An example is as follows:
- Assume you graduate at 25, 5 years to age 30.
- Monthly Income of $4,000, Monthly Expenses of $1,700 and Monthly Cashflow of $2,300
By Age 30 – $27,600 * 5 years = $138,000 (with 0% interest!)
By Age 30 – $27,500 * 5 years = $174,871.64 (8% interest compounded)
As everyone’s circumstances are unique, this is by no means a definitive list of what one should strive towards. Instead, this can be a starting point for you to become financially independent!
3. What is my risk appetite and investment time frame?
First, to determine your risk appetite, I have broken down into 3 risk profiles:
- Low Risk – Investors whom are concern about their capital, favor high-quality firms that offer consistent returns and moderate capital growth. These investors may want to consider investing in dividend stocks such as Singapore Banks and REITs. As such stocks, will pay them passively – Dividends.

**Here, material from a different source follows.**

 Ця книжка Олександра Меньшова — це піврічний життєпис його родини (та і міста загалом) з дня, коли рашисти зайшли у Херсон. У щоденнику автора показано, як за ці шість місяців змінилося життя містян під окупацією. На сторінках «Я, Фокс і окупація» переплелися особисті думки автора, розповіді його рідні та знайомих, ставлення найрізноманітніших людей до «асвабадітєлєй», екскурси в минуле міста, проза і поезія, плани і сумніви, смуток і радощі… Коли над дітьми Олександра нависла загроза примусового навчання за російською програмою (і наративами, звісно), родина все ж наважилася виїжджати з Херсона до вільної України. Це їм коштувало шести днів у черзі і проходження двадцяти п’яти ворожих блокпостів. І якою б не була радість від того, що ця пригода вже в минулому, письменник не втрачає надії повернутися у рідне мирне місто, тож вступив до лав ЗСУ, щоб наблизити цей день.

- Medium Risk – Investors whom are willing to accept a little volatility in the value of their portfolio which may produce larger returns. This portfolio could concentrate on Exchange Traded Funds (ETFs) such as the S&P 500 or NASDAQ 100 Index, which have an excellent and consistent track record of yearly returns of above 8%.
- High Risk – For the purpose of capital gain, these investors are willing to expose their portfolio to increased risk and volatility. Investors are ready to risk not just their money in unpredictable financial markets, but also in growth companies with an unproven track record. They may also be considering cryptocurrencies as a way to diversify their holdings. This is not for the faint of heart, and it is certainly not for those with restricted funds.
According to a study conducted by Schroders, the longer your investing horizon is, the lower your chances of losing money become. Short-term investors have an astounding 40% chance of losing money. Thus, if you invest for 20 years, your odds of losing money is greatly lowered to 0.1%.
As a result, it is critical to comprehend your investing time period. The longer an investor’s time horizon, the more aggressive (or riskier) a portfolio can be built. The investor’s portfolio should be more conservative, or less risky, the shorter the time horizon.
4. What is my investment knowledge today?
It’s natural to feel hesitant about which investments to make, especially when you’re initially starting out. Nobody is born knowing everything there is to know about anything.
Be honest with yourself. If your expertise is minimal, investing in your circle of competency is an excellent place to start. For example, if you work in the technology field, your comprehension of how the industry works will be greater based on your experience than someone who researches and attempts to learn about it online. As a result, you’ll be more likely to make smarter judgments since you’ll be aware of cutting-edge technology as well as the competitive benefits and limits of each product.
As a result, if you want to learn how to invest, I recommend starting small. It’s pointless to invest a huge quantity of money if you’re not sure about the investments you’re making. Before investing, you may want to have an investment thesis before you invest, and you should check it on a regular basis to see whether it is still relevant.
5. Conclusion – To beat inflation
Money may be perceived as a taboo subject, one that even parents may be hesitant to discuss with their children. As money is hard earned, it should always be invested carefully, safely, and prudently. Let us not forget that the primary reason people begin investing is to fight inflation, and risks must always be managed.
Disclaimer: The information provided by LearnToInvest serves as an educational piece and is not intended to be personalised investment advice. Readers should always do their own due diligence and consider their financial goals before investing in any stock.